Are there lights on the pier? Make shift rod holders up yet?


----------



## dsurf (Aug 5, 2003)

The video explains...No lights.


----------



## Trevfishin (Apr 10, 2019)

I love the shot on opening day the number of anglers lined up with more than 2 poles per person, but yet the rules state 2 poles per person...oops.


----------



## Surfjunkie (Dec 28, 2015)

If there’s no one to enforce it then it’s more of a suggestion. Any pier I go to I’ll have anywhere from 2 to 8 rods depending if I have my cart or not. Never more than 2 in the water at once unless I have a pin out and need a bait. Those rules are to prevent 1 person from taking the whole rail with Shakespeare tigers to fill buckets with hundreds of 5 inch spot.


----------



## Garboman (Jul 22, 2010)

Its a shame that none of the piers stay open all night these days on a regular basis. They all used to stay open 24 hours a day through the entire season, one could live at the Pier back then....

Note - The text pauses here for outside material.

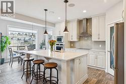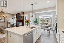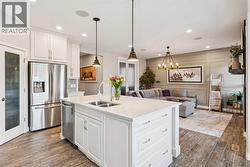 Welcome to a truly one-of-a-kind family home backing onto a peaceful creek and green space in the sought-after community of Sage Meadows. Designed for real life, this home offers the perfect balance of family fun, entertaining, and everyday comfort — all set against beautiful natural views. The main floor is ideal for everyday living or hosting family and friends, featuring an open living and dining area anchored by a striking double-sided fireplace, a chef-inspired kitchen with ceiling-height cabinetry and an induction cooktop and convection oven, a dedicated home office, plus laundry and a powder room. Upstairs, you’ll find the primary retreat you have been searching for, with plenty of room for the king bedroom set. You’ll love the views, large walk-in closet, and beautiful ensuite. Down the hall, you’ll find two additional generously sized bedrooms and a bonus room, which is every child’s dream — a custom two-storey castle playroom complete with slide, ball pit, and reading nooks, creating an unforgettable indoor adventure space that’s perfect for long Canadian winters. The walkout basement offers an adult retreat and hangout space with a heated floor, pool table area, handcrafted wood wet bar, wine nook, and a spa-style bathroom featuring a steam shower, valance lighting, and petrified wood sinks, along with an additional bedroom and plenty of storage. Outdoor living is a highlight with both an upper and lower deck facing the creek and green space. Each level includes hanging patio lights, outdoor speakers, gas hookups, and hose connections for easy entertaining and garden care. The lower walkout deck provides direct access to walking and cycle paths that lead to a playground just two minutes away. With major recent updates including new windows, roof, garage door, and eavestroughs, and thoughtful features like central air, hot water on demand, whole-home audio, and central vacuum, this home blends comfort, function, and lifestyle beautifully. Perfect for famil ies who want more than just a house — this is a home built for memories. Also coming soon to the community are schools! 5 minute drive distance to both an elementary and a secondary school. Call your favorite realtor to book a private viewing today. It's a move you'll be glad you made. (id:27)

On the catwalk Redheaded fella's nephew used to take a cart with a generator light setup where you place a floodlight just over the water.

He did well on Rockfish and Trout, baitfish were drawn to the lights and the gamefish picked them off. This was back in the early 2000's when there were a lot of Rockfish around in the Fall and Winter. Nice 20 pound plus fish you have to have a drop net.

There are so many big Drum around these days I am thinking that it will work on them, if you live line cob mullet at night and let it swim on the periphery of the light beam, for the next month or so before they go South of Rodanthe.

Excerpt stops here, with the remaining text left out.